Labour has got itself in a tangle over their ‘leak’ of Auckland housing data. Putting aside the politics of playing the race card, are they right? Foreign buyers may well be contributing to the Auckland housing crisis. But should it come as any surprise that foreigners are keen to share in the tax breaks that we have enjoyed for so long? And would Labour’s proposed regulation actually do anything to stop it? We doubt it.
Labour’s analysis of real estate data shows that 40% of buyers have a Chinese surname, despite the Chinese only making up 9% of the local population. Therefore the difference, according to Phil Twyford and the Herald, must be down to foreign buyers. That, folks, is as complex as the analysis gets.

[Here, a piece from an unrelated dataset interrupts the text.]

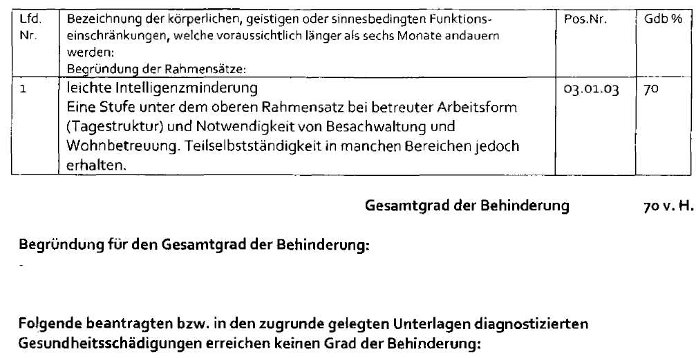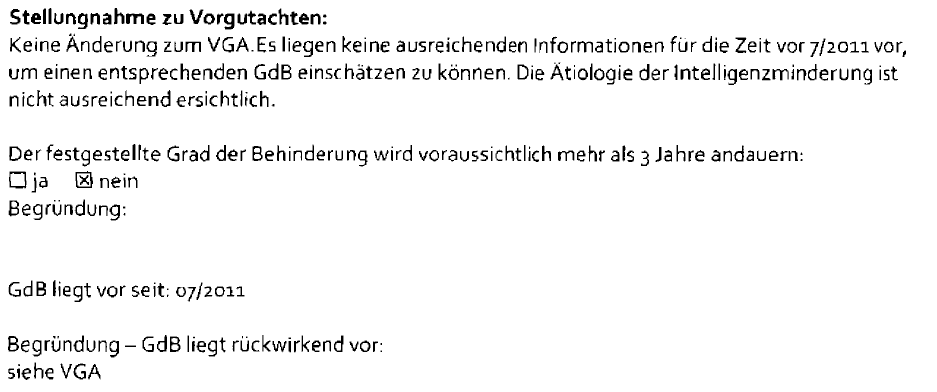 "… Aus dem Sachverständigengutachten geht allerdings hervor, dass der Grad der Behinderung von 70 % erst deshalb ab 07/2011 bestätigt werden könne, weil eine weiter zurückreichende Bestätigung aufgrund fehlender Befundvorlage nicht möglich gewesen sei.

Statistician Keith Ng has already crunched the numbers and given Labour’s claims a thorough critique. Suffice to say it is hard to come to strong conclusions from the data Labour used, though that won’t stop people eager for a reason to shut our market off to foreigners. As Ng points out, it is certainly plausible that the domestic rather than absentee Chinese population bought the houses in question, particularly since recent migrants are far more likely to be in the market for a new house.
Besides, under our investment migrant category, once someone owns two average Auckland properties, they are eligible for residency under the Migrant Investment category. So if these people buying our houses aren’t Kiwis, they might be soon.

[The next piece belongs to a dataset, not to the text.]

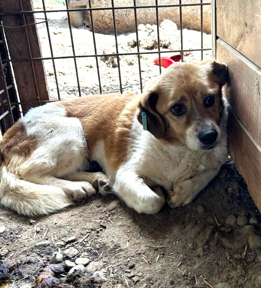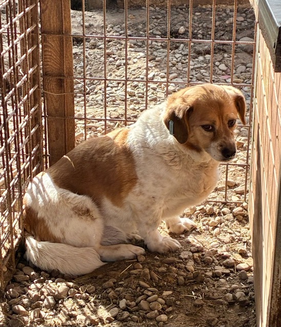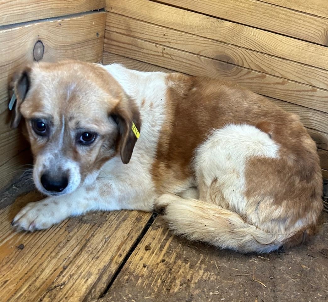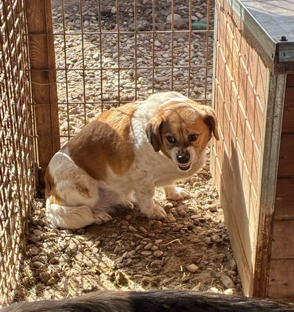 Die kleine Hündin ARIELLE bot uns einen traurigen Anblick wie sie da so in eine Ecke gedrückt im Kennel lag. ARIELLE wirkte auf uns resigniert und scheint vom Leben nichts Gutes mehr zu erwarten. Mit der falschen Hand, haben wir sie streicheln können, nachdem sie zunächst durch Abschnappen versuchte, sich dem zu entziehen. Dabei blieb sie die ganze Zeit sehr angespannt. Ihre Ecke wollte sie auf keinen Fall verlassen. Erst als wir sie nötigten, stand sie auf und verzog sich in die Hütte. Hier sind Menschen gefragt, die sich mit ängstlichen Hunden auskennen und sich durch anfängliches Schnappen nicht gleich beeindrucken lassen.

One worthwhile point that Labour made was that we should collect this kind of data. Like nature, data doesn’t like a vacuum, otherwise we end up with the patchy half-analysis that Labour have done here.
Hands off our tax-free investments!
The real question we have to be asking is why anyone is so keen to buy here. And the answers are obvious, Aotearoa New Zealand is a stable, growing economy with good natural and social capital, and most importantly of all we don’t tax the returns from housing at all. For Chinese investors looking for a safe place to store their wealth, the Auckland housing market makes total sense.
The Chinese certainly have plenty of money looking for a good home, and they can apparently borrow at very reasonable rates. So if our houses look like a good deal to them, what should we do? Should we complain or simply enjoy the fact that we can rent the houses far more cheaply than we could live there with a mortgage?
Those Chinese surnamed-people are just doing what we have all been doing for decades, sticking our money where we think it is safe. Add in some supply constraints and you have a speculative bubble. The only trouble is that we can’t all get rich from buying houses off each other – this is not a productive investment. Meanwhile our industries that actually create wealth and are competing for the investment dollar, are disadvantaged procuring the investment funds they need to grow.
The answer, as we have pointed out time and again, is simple. We need to tax the returns from housing and land in the same way we do all other investments. Capital gains are only a part of this. And for this to work any tax needs to include owner occupied housing.
Even Treasury at long last has seen the light on this tax loophole – in the recent Budget documents they proposed a temporary 1% tax on the capital value of all rental properties.
But the Chinese don’t let us buy their houses!
No they don’t, because they have a highly regulated economy. Do you really want an economy like China’s, where you need Government permission to move your money in or out of the country? Because that is really what is needed to really stop foreigners investing here.
We have open financial markets, which make it very difficult to stop foreigners investing in this country. While there are ways to stop the Mum and Dad Chinese investor, the really big guys will find ways around regulation, just like the really wealthy people in New Zealand find legal ways to reduce their tax bill. They could set up a company, or simply use a New Zealand resident (possibly a relative) as a proxy to purchase the property.
Should we follow Australia and ban foreign buyers?
Labour is calling for us to follow Australia’s example and ban foreigners from buying existing houses until they have been in the country for more than 12 months. The idea is that by not preventing them from buying new properties, economic activity wouldn’t be harmed.
The question is whether this policy would actually work. Our hunch is no – it hasn’t exactly taken the heat out of the housing market in Australia’s main cities. That could be for two reasons; perhaps foreigners aren’t the problem and domestic speculation based on tax loopholes is the real issue, or perhaps foreigners have found a way around the regulations.
Either way, it would be nice to see an evaluation done before we blindly follow in Australia’s footsteps.